The first thing we are going to do is gather stock prices from the `pandas-datareader` package we have just loaded above. In general, there exist a lot of different sources for financial data, depending on your requirements (which markets, which frequency, which time window, etc.) you might need to look into further sources. For simplicity's sake, this notebook will ignore these complications but these are things you should connsider when writing your research.


We begin by building a list of 30 *random* tickers from stocks in the S&P500. We will grab the data from pandas-datareader for these stocks only.


In [None]:
# Create a list with the tickers of the stocks for which we want to obtain data
stocklist = ['AAPL', 'AFL', 'AMZN', 'APD', 'BAC', 'COF', 'COST', 
             'HBAN', 'HON', 'INTU', 'IPG', 'KEY', 'KLAC', 'LMT', 
             'LOW', 'MSFT', 'NEM', 'NKE', 'OMC', 'PAYX', 'RF', 'RHI', 
             'SNA', 'SWK', 'UPS', 'USB', 'VZ', 'WHR', 'WY', 'YUM']

Because we are querying an online API, obtaining the data can take a few seconds.

In [None]:
# Obtain the data from Yahoo!Finance between 1st Jan 2010 and 1st Jun 2021
prices = pdata.DataReader(stocklist, data_source = 'yahoo', 
                          start = '2010-1-1', end = '2021-6-1')
# Keep only the "Adjusted Close" prices
prices = prices["Adj Close"]
# Display the first 10 rows of the dataset
prices.head(10)

In [None]:
# Create a dataframe of percentage returns
returns = 100 * prices.pct_change()
# Display the first 10 rows
returns.head(10)

Now that we have obtained stock returns for our 30 stocks between 2010 and 2021, we further proceed by splitting the data into train and test sets.

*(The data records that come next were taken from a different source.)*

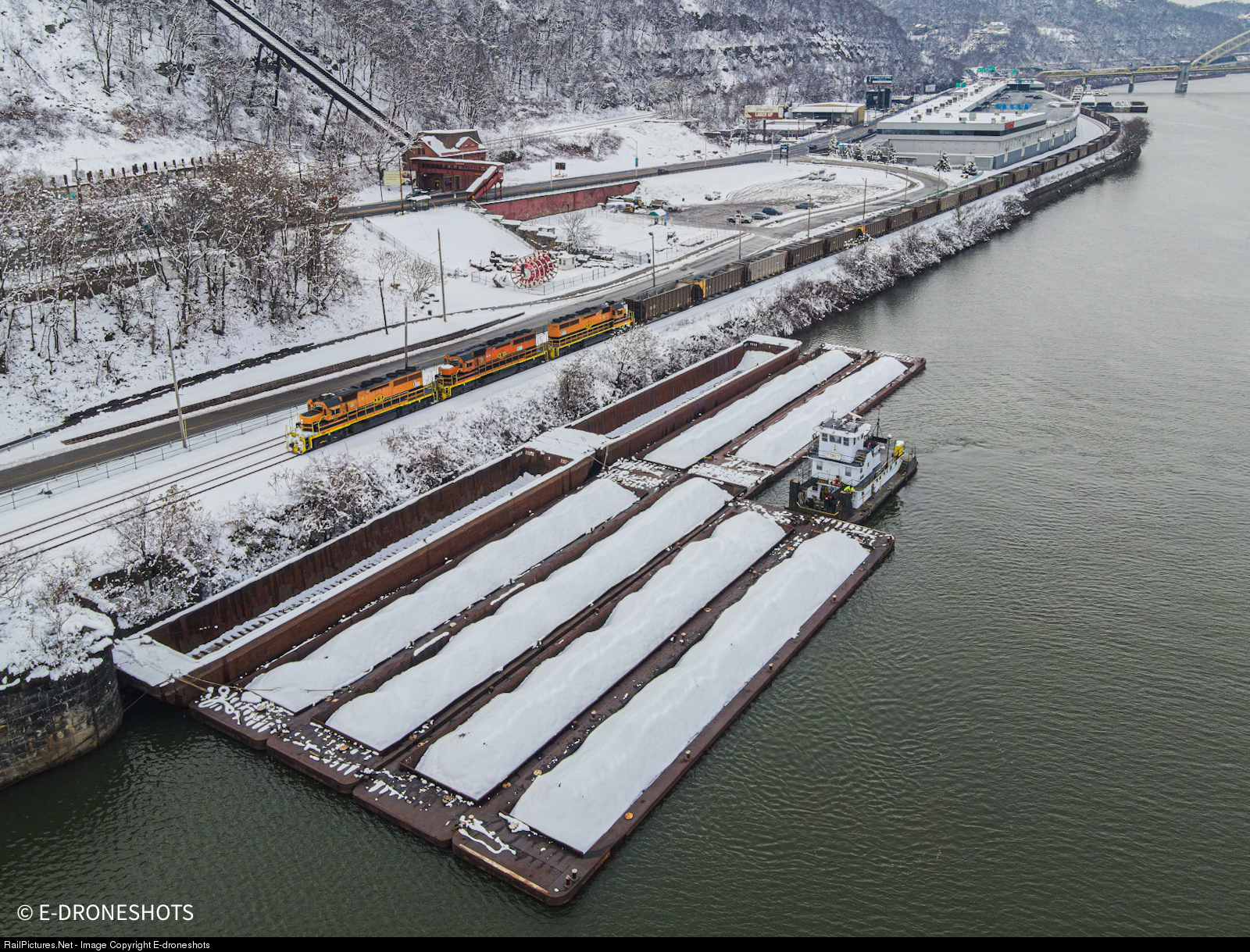 CSX train U065 sporting Buffalo And Pittsburg Power, passes a barge getting ready to move loads down river.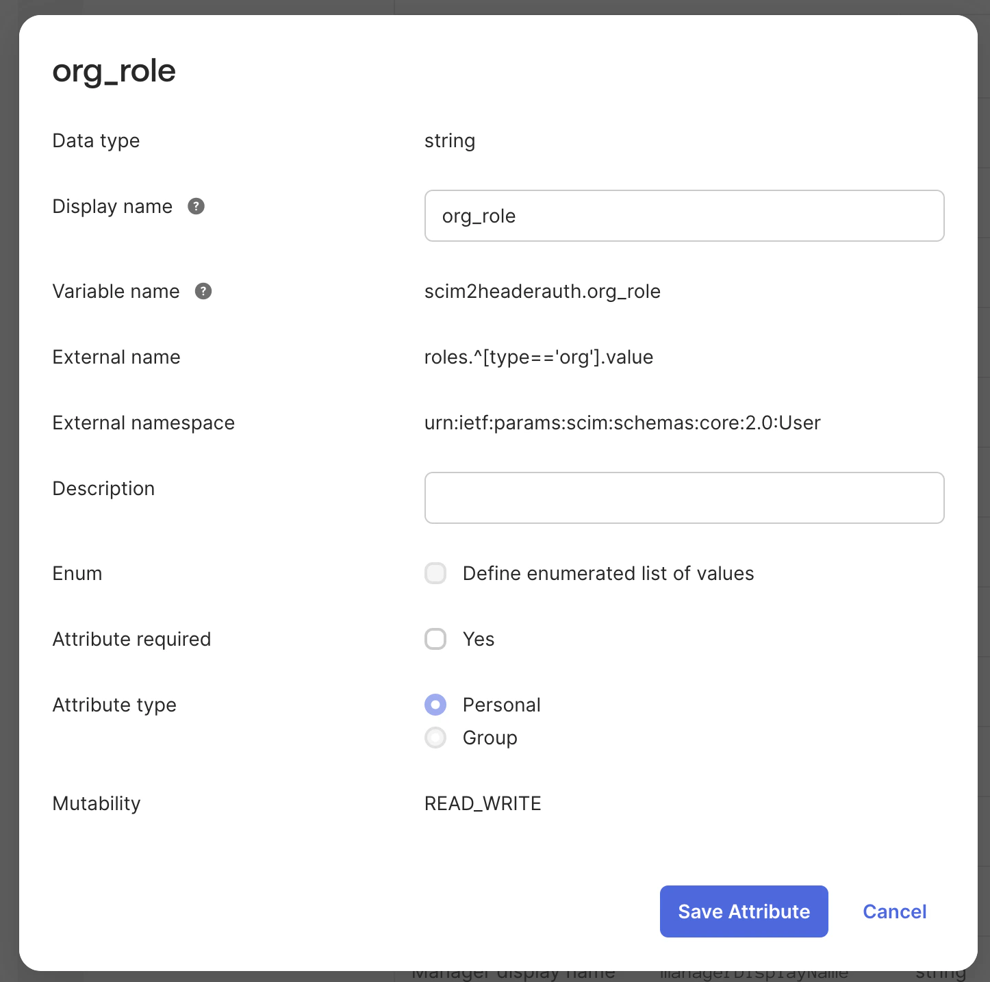 - Click Add attribute to create attributes for organization and project roles.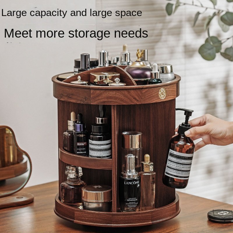 Color: [North American Black Walnut 3-layer Round] Cosmetics Storage Rack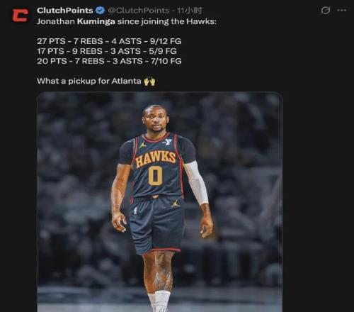 反觀與鉑金互換東家的庫明加,在老鷹混得那叫一個(gè)風(fēng)生水起,目前出戰(zhàn)三場比賽全部取勝,場均能夠貢獻(xiàn)21.3分7.7板3.3助1.7斷,投籃命中率高達(dá)67.7%,三分命中率達(dá)到55.6%,直接打成了全明星前鋒水平。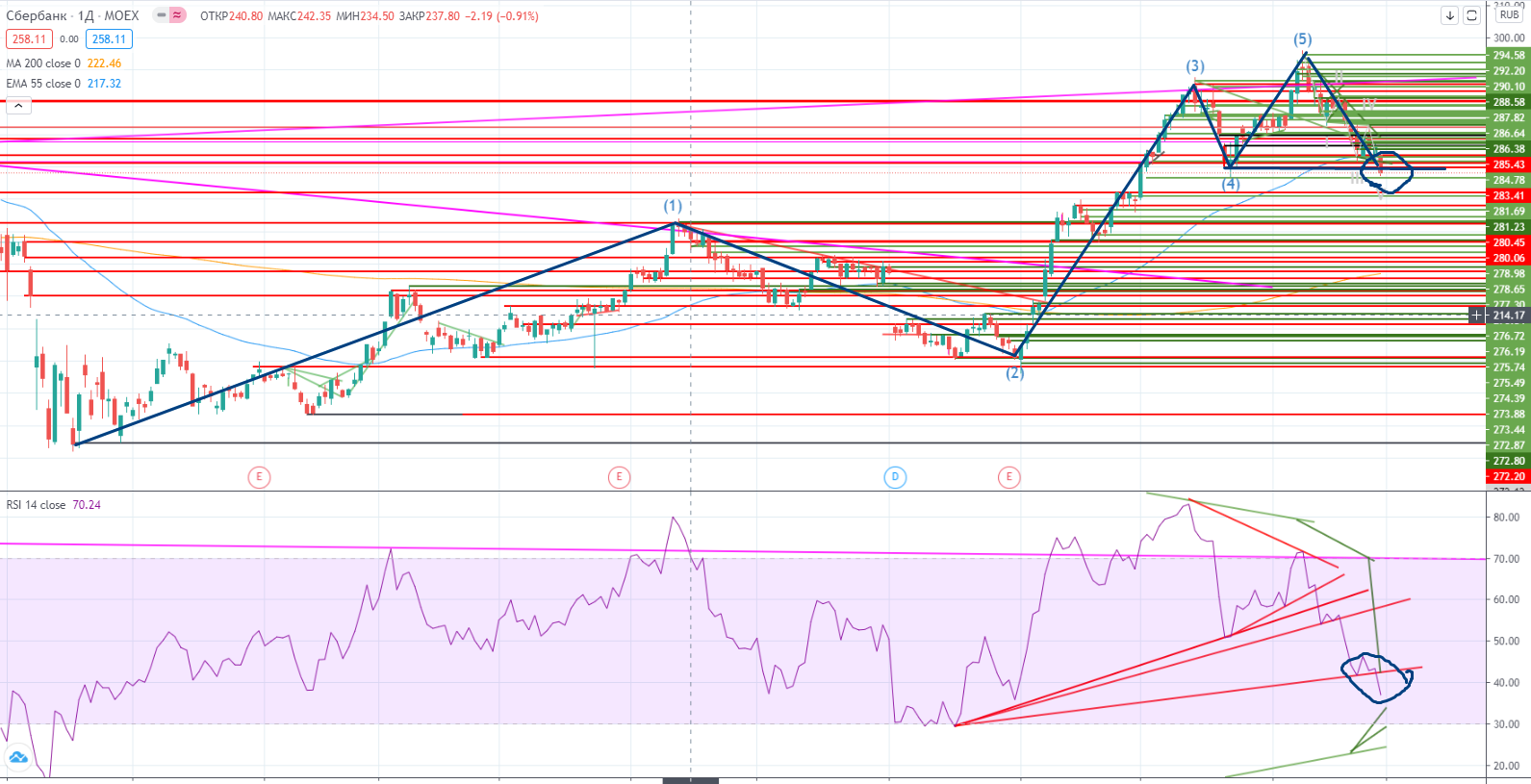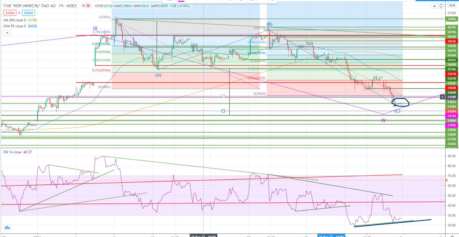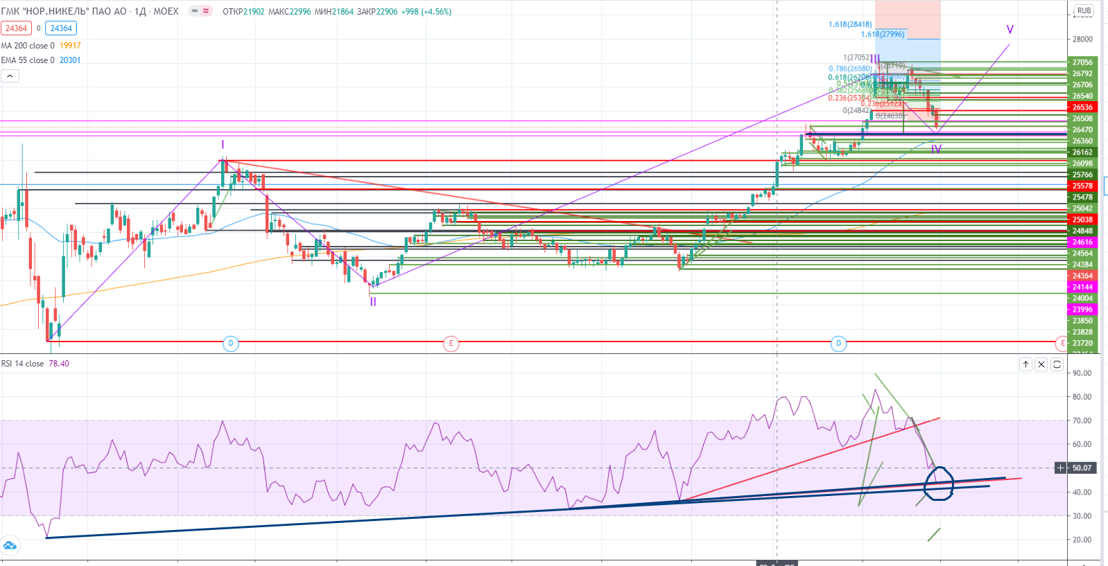 К примеру и в ГМКН тоже находится только в IV волне роста, опять же не было дивергенции на III-ей волне, и почти пришел на уровень поддержки 24000, что примерно совпадает с мишенью от пробоя канала (https://www.finam.ru/analysis/marketnews/ot-dinamiki-na-rynke-segodnya-i-zavtra-budet-zaviset-mnogoe-20210128-09350/) , и совпадает с RSI-ем, который в случае похода ценой туда, упрется в основной дивергентный тренд.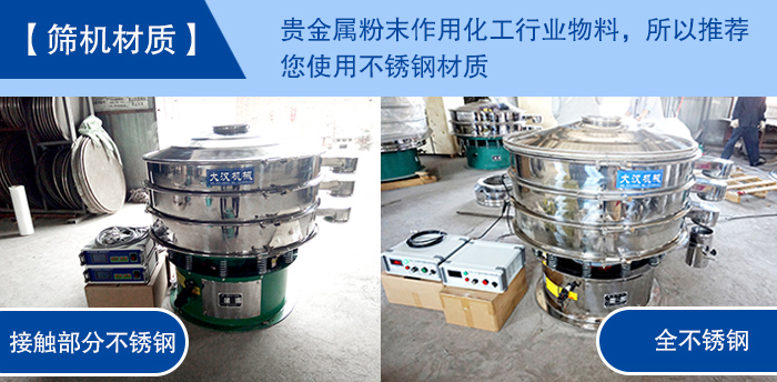 【篩機材質(zhì)】—— 貴金屬粉末作用化工行業(yè)物料,所以推薦您使用不銹鋼材質(zhì),而常用的不銹鋼超聲波振動篩分為兩種結(jié)構(gòu),一種是整機均采用不銹鋼制成,另一種是與物料接觸不分為不銹鋼材質(zhì),底座為碳鋼材質(zhì),至于如何選擇就看您對衛(wèi)生環(huán)境的要求以及成本預(yù)算了。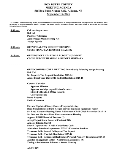 Box Butte County Meeting Agenda for Wednesday, Sept. 17

In general, a train set is a set you use to fit your model and the test set is used to validate your model. This can help us understand when a model is overfitting. An overfitted model will perform well on the train data (the data that was used to fit the model) and it will perform badly on the test set (data that the model has not "*seen*" yet).

In [None]:
# Separate the data into a training (pre-2020) and a testing set (post-2019)
train_index = returns.index < "2020-1-1"
test_index = returns.index >= "2020-1-1"
returns[train_index]

In [None]:
# Using the training set, compute the stock returns means,
mean_returns = returns[train_index].mean()
# ... standard deviations,
std_returns  = returns[train_index].std()
# ... and covariances
cov_returns = returns[train_index].cov()

## Computing the efficient frontier

The efficient frontier (also mean-variance or portfolio frontier) is a set of portfolio allocations which offer the lowest variance for a given level of return.

Finding the efficient frontier is done by solving the optimization problem

$$
\begin{align}
\min &\mathbb{V}[R_p] \\ \text{s.t.} \ &\mathbb{E}[R_p] = \mu^\star
\end{align}
$$
where $\mathbb{V}[R_p]$ represents the variance of the portfolio and $\mathbb{E}[R_p]$ its expected value. Additionally, it is imperative that the chosen portfolio sum to 1.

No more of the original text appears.